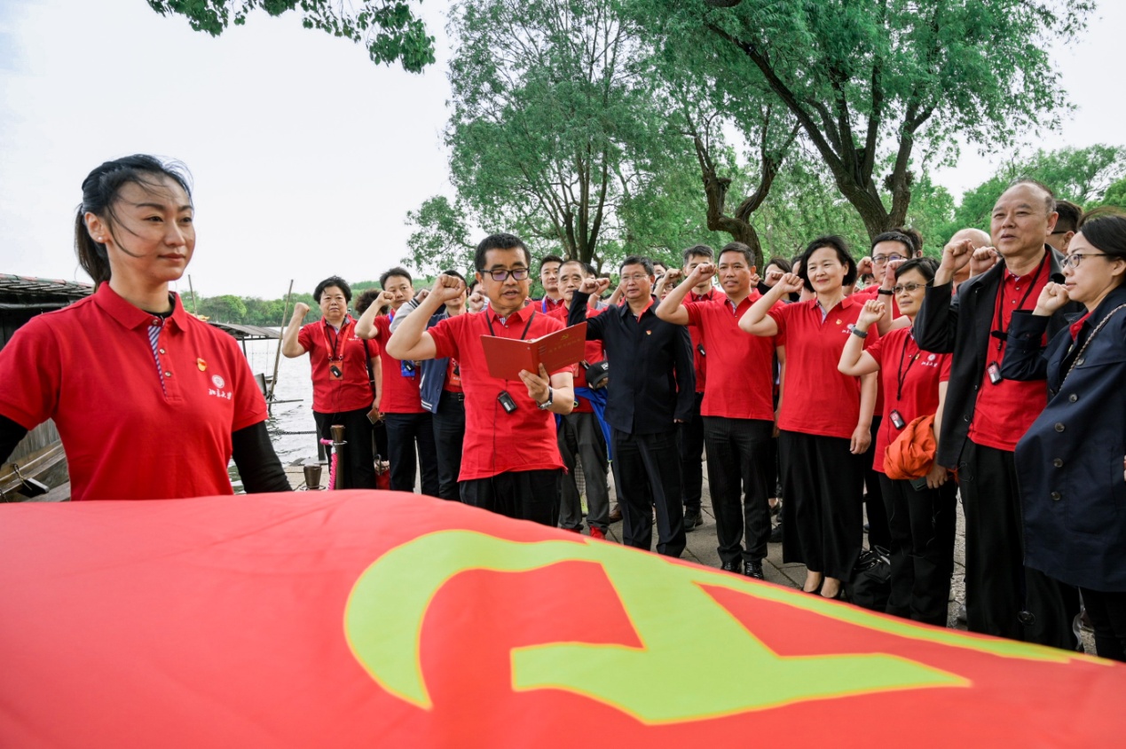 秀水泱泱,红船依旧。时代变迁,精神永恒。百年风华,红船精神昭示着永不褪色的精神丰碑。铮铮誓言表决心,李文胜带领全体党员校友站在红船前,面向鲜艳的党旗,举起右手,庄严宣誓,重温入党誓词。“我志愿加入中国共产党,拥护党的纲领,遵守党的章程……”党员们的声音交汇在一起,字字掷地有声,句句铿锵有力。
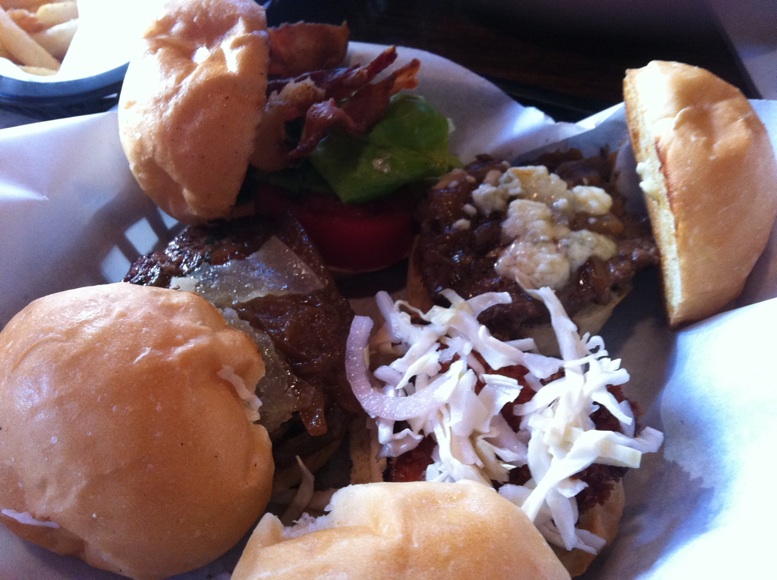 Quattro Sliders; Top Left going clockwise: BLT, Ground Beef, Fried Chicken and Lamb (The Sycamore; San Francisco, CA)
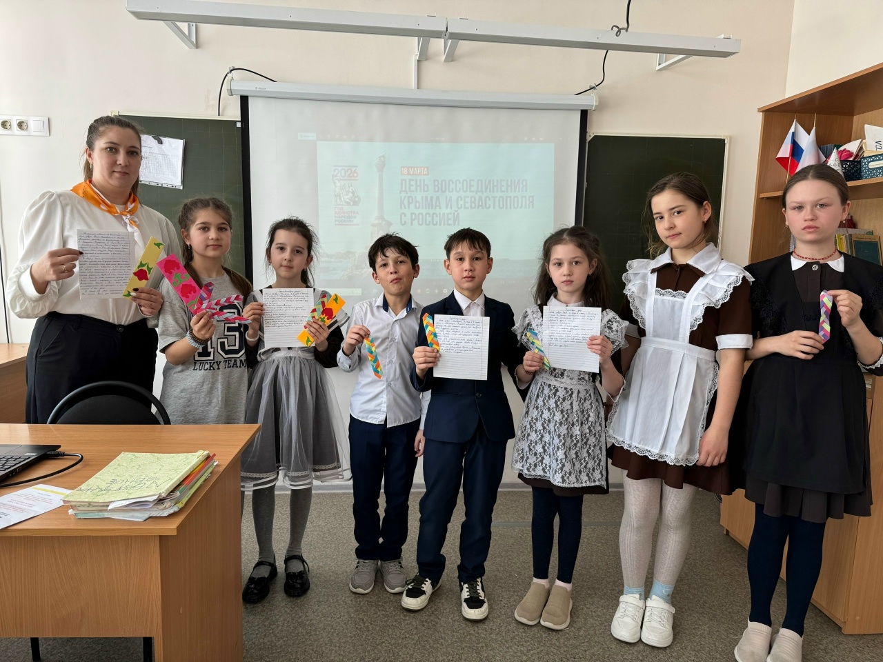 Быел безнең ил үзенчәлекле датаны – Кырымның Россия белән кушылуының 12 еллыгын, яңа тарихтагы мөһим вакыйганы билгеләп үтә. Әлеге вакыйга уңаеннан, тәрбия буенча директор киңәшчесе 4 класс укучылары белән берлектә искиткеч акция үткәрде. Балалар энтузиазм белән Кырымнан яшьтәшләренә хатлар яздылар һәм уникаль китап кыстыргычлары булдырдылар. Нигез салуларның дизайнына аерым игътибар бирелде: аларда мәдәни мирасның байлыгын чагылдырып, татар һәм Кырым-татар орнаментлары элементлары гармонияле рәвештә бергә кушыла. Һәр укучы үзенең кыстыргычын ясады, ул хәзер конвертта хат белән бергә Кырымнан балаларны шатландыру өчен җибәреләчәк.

• _ASSIGNED TASK_: All of the data above must be printed exactly, minus its pictures.

• _SOLUTION_:
 秀水泱泱,红船依旧。时代变迁,精神永恒。百年风华,红船精神昭示着永不褪色的精神丰碑。铮铮誓言表决心,李文胜带领全体党员校友站在红船前,面向鲜艳的党旗,举起右手,庄严宣誓,重温入党誓词。“我志愿加入中国共产党,拥护党的纲领,遵守党的章程……”党员们的声音交汇在一起,字字掷地有声,句句铿锵有力。
 Quattro Sliders; Top Left going clockwise: BLT, Ground Beef, Fried Chicken and Lamb (The Sycamore; San Francisco, CA)
 Быел безнең ил үзенчәлекле датаны – Кырымның Россия белән кушылуының 12 еллыгын, яңа тарихтагы мөһим вакыйганы билгеләп үтә. Әлеге вакыйга уңаеннан, тәрбия буенча директор киңәшчесе 4 класс укучылары белән берлектә искиткеч акция үткәрде. Балалар энтузиазм белән Кырымнан яшьтәшләренә хатлар яздылар һәм уникаль китап кыстыргычлары булдырдылар. Нигез салуларның дизайнына аерым игътибар бирелде: аларда мәдәни мирасның байлыгын чагылдырып, татар һәм Кырым-татар орнаментлары элементлары гармонияле рәвештә бергә кушыла. Һәр укучы үзенең кыстыргычын ясады, ул хәзер конвертта хат белән бергә Кырымнан балаларны шатландыру өчен җибәреләчәк.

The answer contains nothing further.